→ **EXERCISE INPUT**:
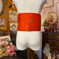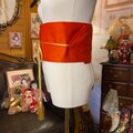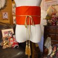 【 名古屋帯リメイク サッシュベルト 飾り帯 和洋折衷 ウエストマーク ハンドメイド レトロ 古着 LL〜4L 鮮やかな朱色と繊細な刺繍で描かれた花模様 GOB-19 】
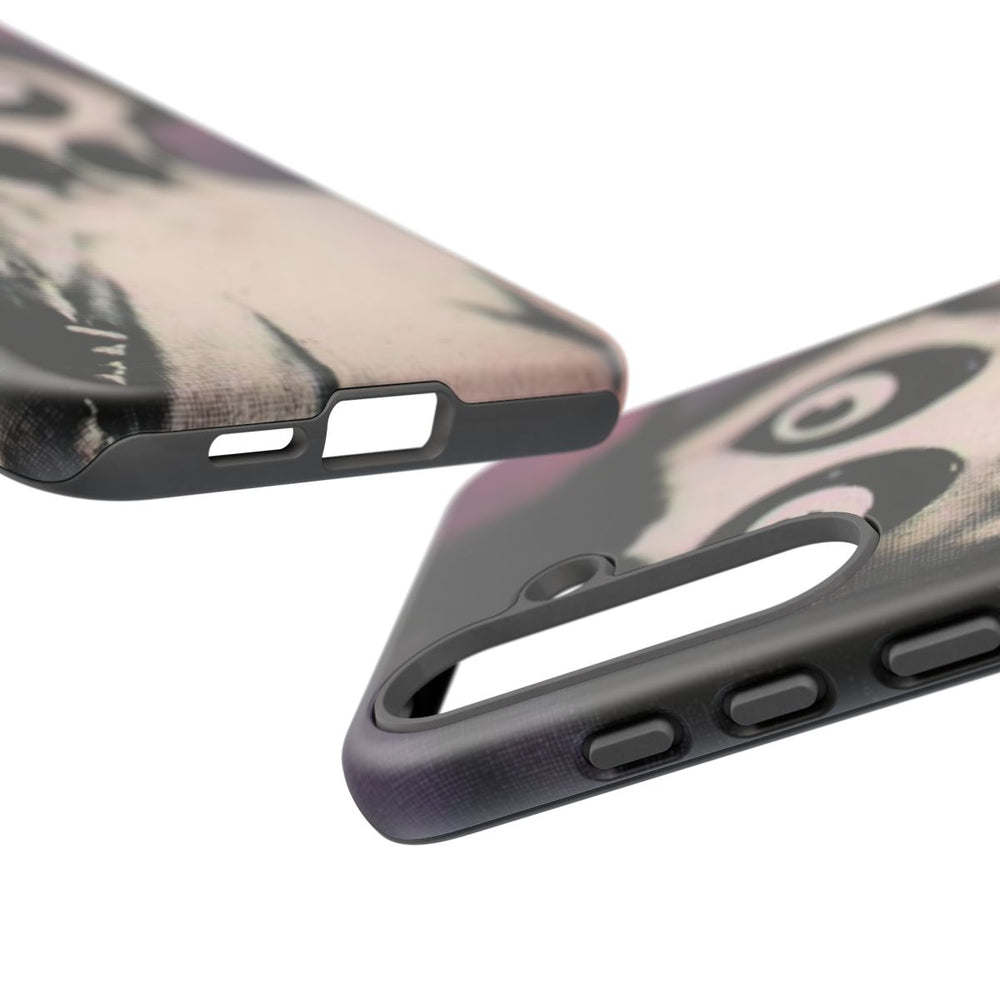 Dit hoesje heeft een ontwerp met een surrealistisch figuur, gekenmerkt door grote, ronde ogen en meerdere donkere vlekken op het gezicht. Het wezen heeft een getextureerd, gebroken wit lichaam en een donker, stekelig gedeelte bovenop. De achtergrond bestaat uit een verloop van paarse en roze tinten, wat zorgt voor een mysterieuze en onheilspellende sfeer. Het hoesje is voorzien van twee lagen: een stevige polycarbonaat buitenkant en een TPU binnenzijde. Geschikt voor draadloos opladen en bestand tegen gebruik buitenshuis.
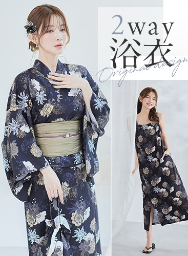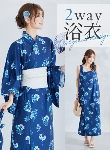 【2~3営業日で発送】ネイビーコントラスト花柄2way浴衣《浴衣4点セット》【Malymoon/マリームーン】【YK2510318...
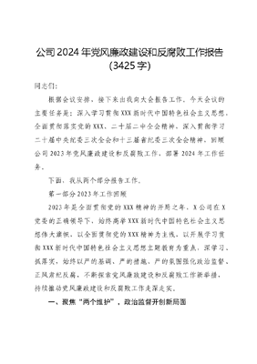 公司2024年党风廉政建设和反腐败工作报告(3425字)同志们:根据会议安排,接下来由我向大会报告工作。今天会议的主要任务是:深入学习贯彻XXX新时代中国特色社会主义思想,全面贯彻落实党的XXX、二十届二中全会精神,深入贯彻学习二十届中央纪委三次全会和十三届省纪委三次全会精神,回顾公司2023年党风廉政建设和反腐败工作,部署2024年工作任务。下面,我从两个部分报告工作。第一部分2023年工作回顾2023年是全面贯彻党的XXX精神的开局之年,X公司在X党委的正确领导下,始终高举XXX新时代中国特色社会主义思想伟大旗帜,以全面贯彻党的XXX精神为主线,以开展学习贯彻XXX新时代中国特色社会主义思想主题教育为重点,深学习、抓落实,始终以严的基调、严的措施、严的氛围强化政治监督、正风肃纪反腐,不断探索党风廉政建设和反腐败工作新举措,持续推动党风廉政建设和反腐败工作走深走实。一、聚焦两个维护,政治监督开创新局面公司党总支委始终坚持把政治监督摆在首位,严格落实第一议题制度,充分利用党员大会、中心组学习会议、主题党日活动,严格执行第一议题制度,用心用情深学细悟XXX新时代中国特色社会主义思想、党的XXX精神,推动党员干部在深化、内化、转化上下功夫,自觉从党的创新理论中找理念、找思想、找方法、找举措,做到学思用贯通、知信行统一。(一)坚持以上率下。公司党员领导干部作为落实全面从严治党主体责任的带头人、管党治党的示范者,带头着力从解决理论学习、政治素质、能力本领、担当作为、工作作风、廉洁自律等6个方面的突出问题,从政治、思想、能力、作风、纪律等方面进行党性分析、找准问题症结,对查摆出的问题,一项一项明确具体措施、整改时限、责任分工,确保整改到位,把主题教育探索的好经验好做法转化为长效机制,推动主题教育在基层党组织全面开花,推动全面从严治党向基层延伸、在基层见效,激活末梢神经。(二)压紧压实责任。公司各责任主体切实履行全面从严治党主体责任,贯彻落实公司党风廉政建设责任制实施细则、《党风廉政建设责任书》,并结合实际制订2023年党风廉政建设重点工作安排、印发党风廉政建设责任制实施办法、开展季度廉洁纪律教育学习等方式方法,把责任内容落实到岗、明确文可居文库——海量学习资料,手机电脑均可下载www.wenkeju.com到人、具体到事,构建责任明晰、履职尽责的责任体系,推动建立四责协同运行的责任体系。(三)夯实调研基础。公司持续深入开展党员干部下基层活动,激励党员在服务群众、奉献社会中发挥作用,组织公司班子成员采取确定主题、蹲点调研、督查调研、座谈调研的方式,扑下身子、沉到一线听取职工心声、工作实况、改革建议等,形成9大项目39条细项的问题清单,通过就地解决、及时协调、督办跟进、统筹落实的责任要求,注重调研成果转化运用,不断在调查研究中深化对党的创新理论的理解,有序推动调研成果上升为决策部署、转化为政策措施、固化为工作机制,助力解决突出问题、提高工作质效。二聚焦重点工作,日常监督实现新突破(一)从严开展四风自查自纠工作。根据上级纪委关于开展四风突出问题专项整治工作部署,结合工作实际从严从实开展纠治工作,紧盯关键少数、重点岗位和关键环节,重点排查违规商务招待、违规发放津补贴、差旅中车轮上的违规、形式主义、官僚主义四方面重点问题开展自查自纠,坚持纠四风与树新风并举,推动营造风清气正的政治生态。(二)纠树并举促进作风建设常态长效。公司自觉对标文可居文库——海量学习资料,手机电脑均可下载www.wenkeju.comXXXXXX重要指示批示精神,锲而不舍严格落实中央八项规定精神,强化元旦、春节、五一、中秋、国庆等重要节点监督,加强对党员干部开展理想信念教育、廉洁警示教育,时刻敲响廉洁钟、绷紧纪律弦、守好作风关。(三)扎实开展纪律教育学习。公司把纪律教育学习月活动纳入学习贯彻XXX新时代中国特色社会主义思想主题教育总体安排,通过中心组学习、三会一课、主题党日等组织生活载体,组织广大党员、干部深刻认识两个确立的决定性意义,深入学习领会XXXXXX关于党的自我革命重要思想以及关于廉洁文化和家庭家教家风建设的重要论述精神,以彻底的自我革命精神扣好廉洁从业的第一粒扣子,保持对腐蚀、围猎的警觉,永葆共产党人的政治本色。三、聚焦标本兼治,三不腐一体建设迈上新台阶公司党总支始终坚持严的主基调,持续正风肃纪反腐,坚持把学思想和强党性紧密结合起来,通过组织广大党员到X革命烈士纪念基地、X党群服务站、X廉洁教育基地开展党性教育。通过现场教学活动,教育引导广大党员干部坚持把XXX新时代中国特色社会主义思想作为牢记初心使命、砥砺前行的营养液、指明灯,进一步锤炼政治品格、
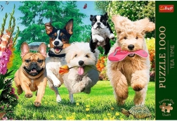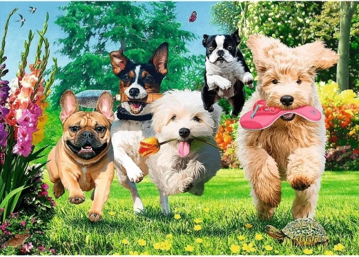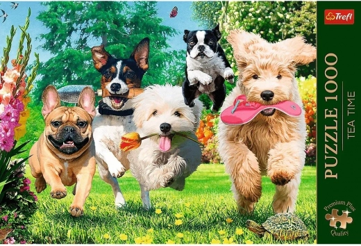 Odkrijte čudovito izdelano sestavljanko iz kolekcije Tea Time, ki vas popelje v svet barv, čustev in vesele energije. Živahen motiv s psi v razcvetenem vrtu izstopa po podrobni ilustraciji in bogatih barvah, zaradi katerih je sestavljanje pravi užitek. Končana sestavljanka velikosti približno 68,3 × 48 cm je odlična tudi za uokvirjanje.
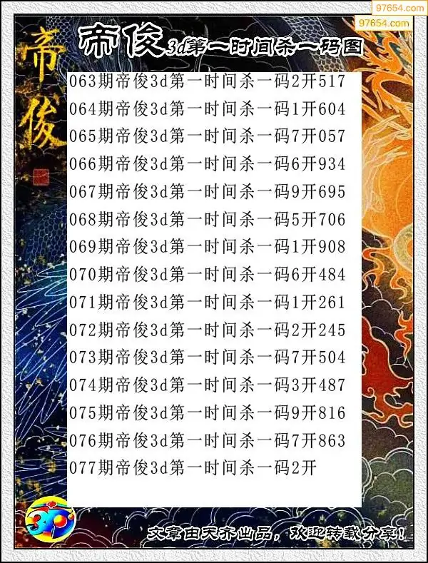 2026076期3D飞龙在天杀两码
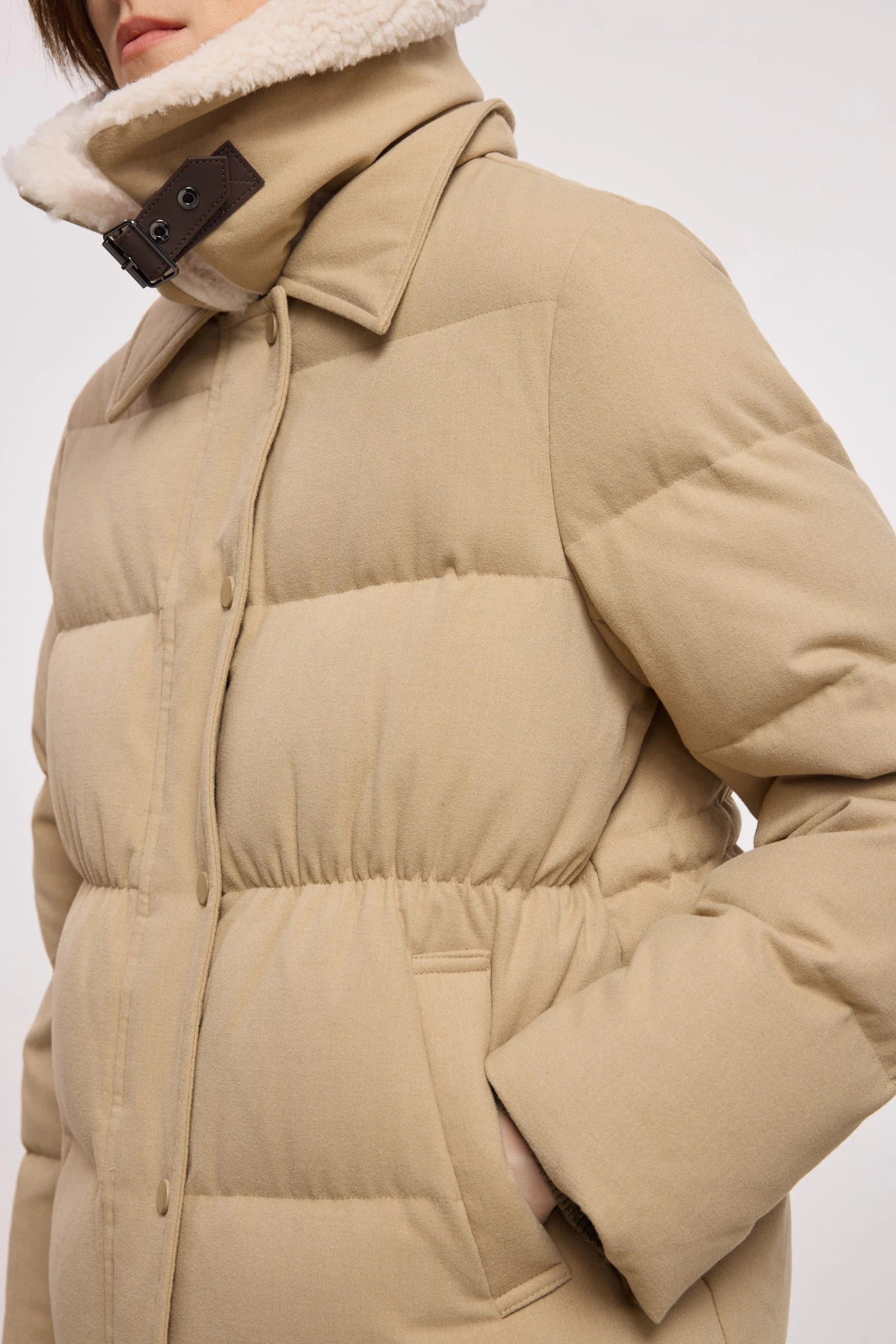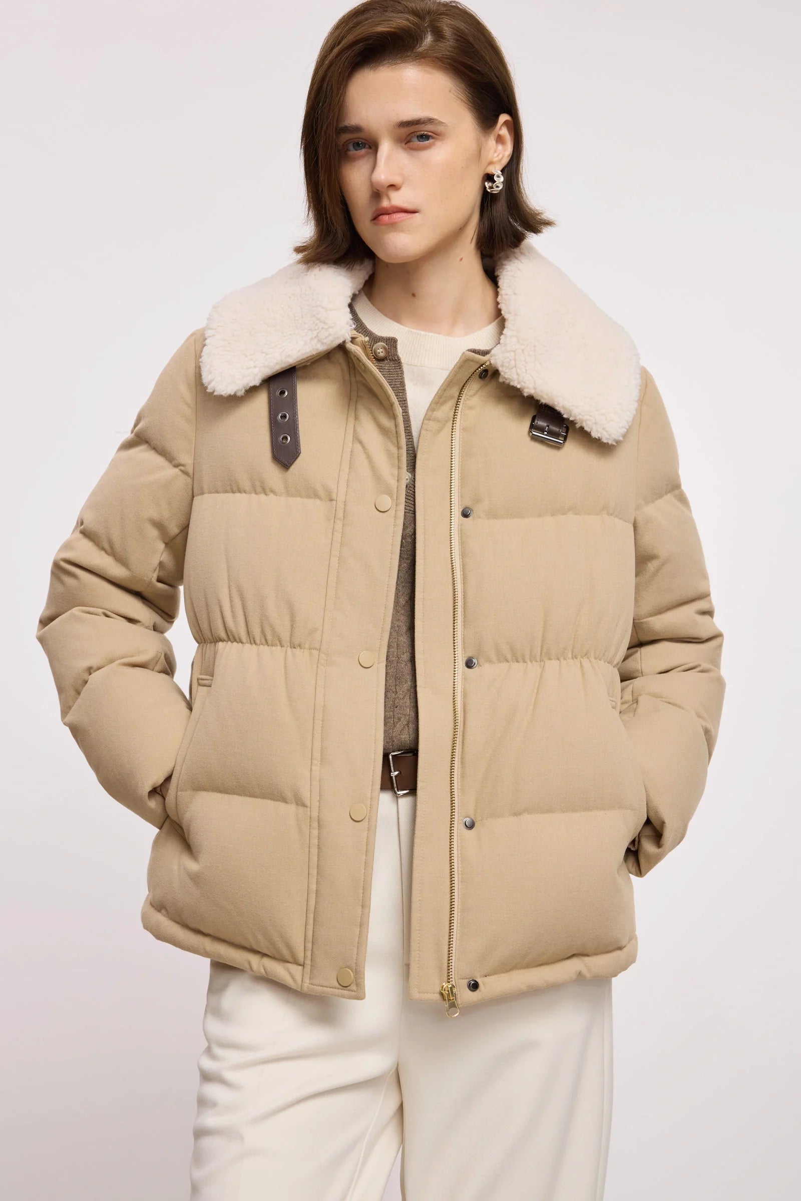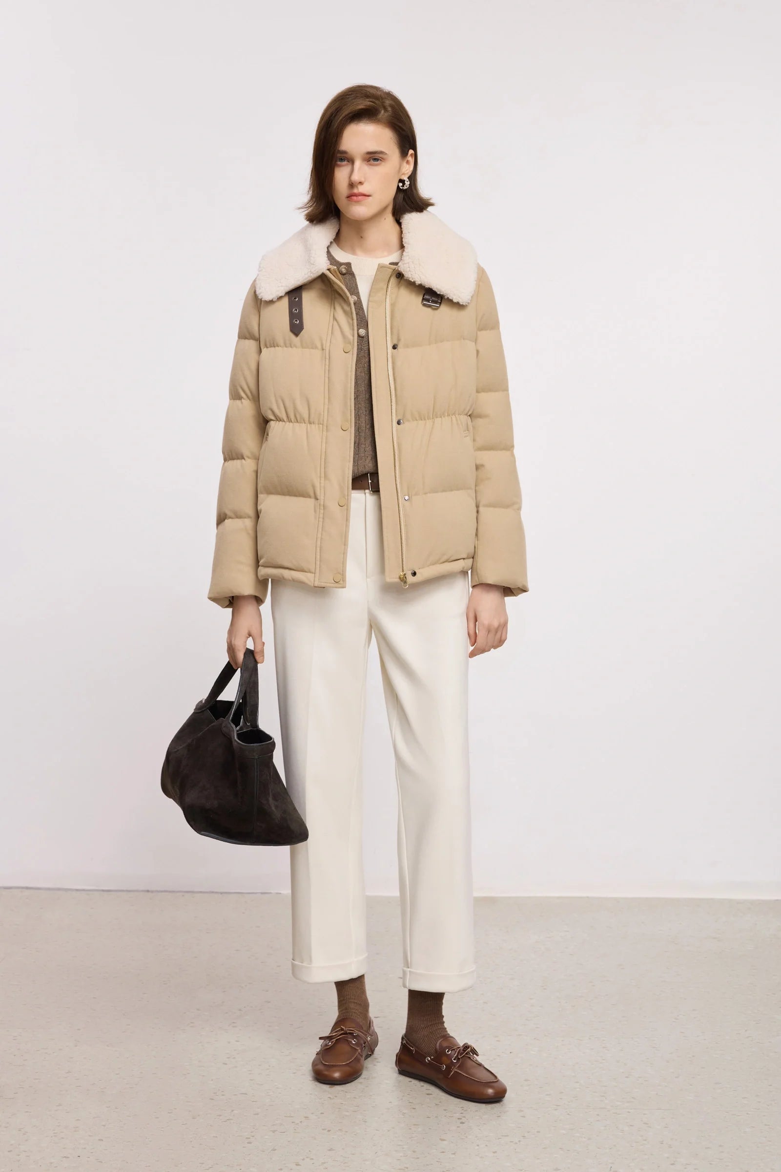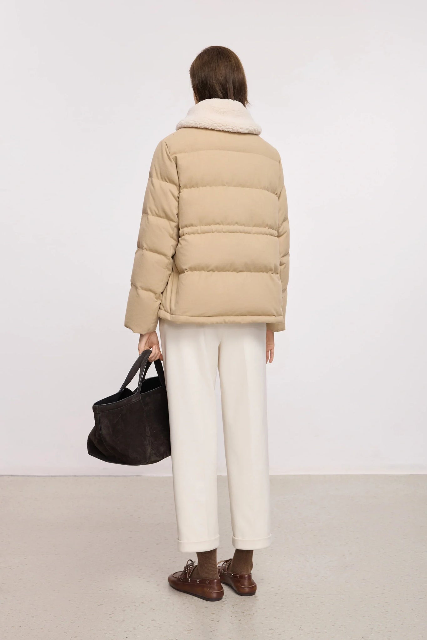 The slightly loose fit of the down jacket creates a crisp silhouette, allowing for comfortable wear while maintaining a sharp, refined look. The fur-red lapel adds a touch of warmth to the winter, while its soft touch enhances overall comfort. The collar and striped details enhance the layered feel, giving the down jacket a refined touch.

→ **TASK DIRECTIONS**: Skipping the images, write out the whole listing exactly.

→ **WRITTEN RESPONSE**:
 【 名古屋帯リメイク サッシュベルト 飾り帯 和洋折衷 ウエストマーク ハンドメイド レトロ 古着 LL〜4L 鮮やかな朱色と繊細な刺繍で描かれた花模様 GOB-19 】
 Dit hoesje heeft een ontwerp met een surrealistisch figuur, gekenmerkt door grote, ronde ogen en meerdere donkere vlekken op het gezicht. Het wezen heeft een getextureerd, gebroken wit lichaam en een donker, stekelig gedeelte bovenop. De achtergrond bestaat uit een verloop van paarse en roze tinten, wat zorgt voor een mysterieuze en onheilspellende sfeer. Het hoesje is voorzien van twee lagen: een stevige polycarbonaat buitenkant en een TPU binnenzijde. Geschikt voor draadloos opladen en bestand tegen gebruik buitenshuis.
 【2~3営業日で発送】ネイビーコントラスト花柄2way浴衣《浴衣4点セット》【Malymoon/マリームーン】【YK2510318...
 公司2024年党风廉政建设和反腐败工作报告(3425字)同志们:根据会议安排,接下来由我向大会报告工作。今天会议的主要任务是:深入学习贯彻XXX新时代中国特色社会主义思想,全面贯彻落实党的XXX、二十届二中全会精神,深入贯彻学习二十届中央纪委三次全会和十三届省纪委三次全会精神,回顾公司2023年党风廉政建设和反腐败工作,部署2024年工作任务。下面,我从两个部分报告工作。第一部分2023年工作回顾2023年是全面贯彻党的XXX精神的开局之年,X公司在X党委的正确领导下,始终高举XXX新时代中国特色社会主义思想伟大旗帜,以全面贯彻党的XXX精神为主线,以开展学习贯彻XXX新时代中国特色社会主义思想主题教育为重点,深学习、抓落实,始终以严的基调、严的措施、严的氛围强化政治监督、正风肃纪反腐,不断探索党风廉政建设和反腐败工作新举措,持续推动党风廉政建设和反腐败工作走深走实。一、聚焦两个维护,政治监督开创新局面公司党总支委始终坚持把政治监督摆在首位,严格落实第一议题制度,充分利用党员大会、中心组学习会议、主题党日活动,严格执行第一议题制度,用心用情深学细悟XXX新时代中国特色社会主义思想、党的XXX精神,推动党员干部在深化、内化、转化上下功夫,自觉从党的创新理论中找理念、找思想、找方法、找举措,做到学思用贯通、知信行统一。(一)坚持以上率下。公司党员领导干部作为落实全面从严治党主体责任的带头人、管党治党的示范者,带头着力从解决理论学习、政治素质、能力本领、担当作为、工作作风、廉洁自律等6个方面的突出问题,从政治、思想、能力、作风、纪律等方面进行党性分析、找准问题症结,对查摆出的问题,一项一项明确具体措施、整改时限、责任分工,确保整改到位,把主题教育探索的好经验好做法转化为长效机制,推动主题教育在基层党组织全面开花,推动全面从严治党向基层延伸、在基层见效,激活末梢神经。(二)压紧压实责任。公司各责任主体切实履行全面从严治党主体责任,贯彻落实公司党风廉政建设责任制实施细则、《党风廉政建设责任书》,并结合实际制订2023年党风廉政建设重点工作安排、印发党风廉政建设责任制实施办法、开展季度廉洁纪律教育学习等方式方法,把责任内容落实到岗、明确文可居文库——海量学习资料,手机电脑均可下载www.wenkeju.com到人、具体到事,构建责任明晰、履职尽责的责任体系,推动建立四责协同运行的责任体系。(三)夯实调研基础。公司持续深入开展党员干部下基层活动,激励党员在服务群众、奉献社会中发挥作用,组织公司班子成员采取确定主题、蹲点调研、督查调研、座谈调研的方式,扑下身子、沉到一线听取职工心声、工作实况、改革建议等,形成9大项目39条细项的问题清单,通过就地解决、及时协调、督办跟进、统筹落实的责任要求,注重调研成果转化运用,不断在调查研究中深化对党的创新理论的理解,有序推动调研成果上升为决策部署、转化为政策措施、固化为工作机制,助力解决突出问题、提高工作质效。二聚焦重点工作,日常监督实现新突破(一)从严开展四风自查自纠工作。根据上级纪委关于开展四风突出问题专项整治工作部署,结合工作实际从严从实开展纠治工作,紧盯关键少数、重点岗位和关键环节,重点排查违规商务招待、违规发放津补贴、差旅中车轮上的违规、形式主义、官僚主义四方面重点问题开展自查自纠,坚持纠四风与树新风并举,推动营造风清气正的政治生态。(二)纠树并举促进作风建设常态长效。公司自觉对标文可居文库——海量学习资料,手机电脑均可下载www.wenkeju.comXXXXXX重要指示批示精神,锲而不舍严格落实中央八项规定精神,强化元旦、春节、五一、中秋、国庆等重要节点监督,加强对党员干部开展理想信念教育、廉洁警示教育,时刻敲响廉洁钟、绷紧纪律弦、守好作风关。(三)扎实开展纪律教育学习。公司把纪律教育学习月活动纳入学习贯彻XXX新时代中国特色社会主义思想主题教育总体安排,通过中心组学习、三会一课、主题党日等组织生活载体,组织广大党员、干部深刻认识两个确立的决定性意义,深入学习领会XXXXXX关于党的自我革命重要思想以及关于廉洁文化和家庭家教家风建设的重要论述精神,以彻底的自我革命精神扣好廉洁从业的第一粒扣子,保持对腐蚀、围猎的警觉,永葆共产党人的政治本色。三、聚焦标本兼治,三不腐一体建设迈上新台阶公司党总支始终坚持严的主基调,持续正风肃纪反腐,坚持把学思想和强党性紧密结合起来,通过组织广大党员到X革命烈士纪念基地、X党群服务站、X廉洁教育基地开展党性教育。通过现场教学活动,教育引导广大党员干部坚持把XXX新时代中国特色社会主义思想作为牢记初心使命、砥砺前行的营养液、指明灯,进一步锤炼政治品格、
 Odkrijte čudovito izdelano sestavljanko iz kolekcije Tea Time, ki vas popelje v svet barv, čustev in vesele energije. Živahen motiv s psi v razcvetenem vrtu izstopa po podrobni ilustraciji in bogatih barvah, zaradi katerih je sestavljanje pravi užitek. Končana sestavljanka velikosti približno 68,3 × 48 cm je odlična tudi za uokvirjanje.
 2026076期3D飞龙在天杀两码
 The slightly loose fit of the down jacket creates a crisp silhouette, allowing for comfortable wear while maintaining a sharp, refined look. The fur-red lapel adds a touch of warmth to the winter, while its soft touch enhances overall comfort. The collar and striped details enhance the layered feel, giving the down jacket a refined touch.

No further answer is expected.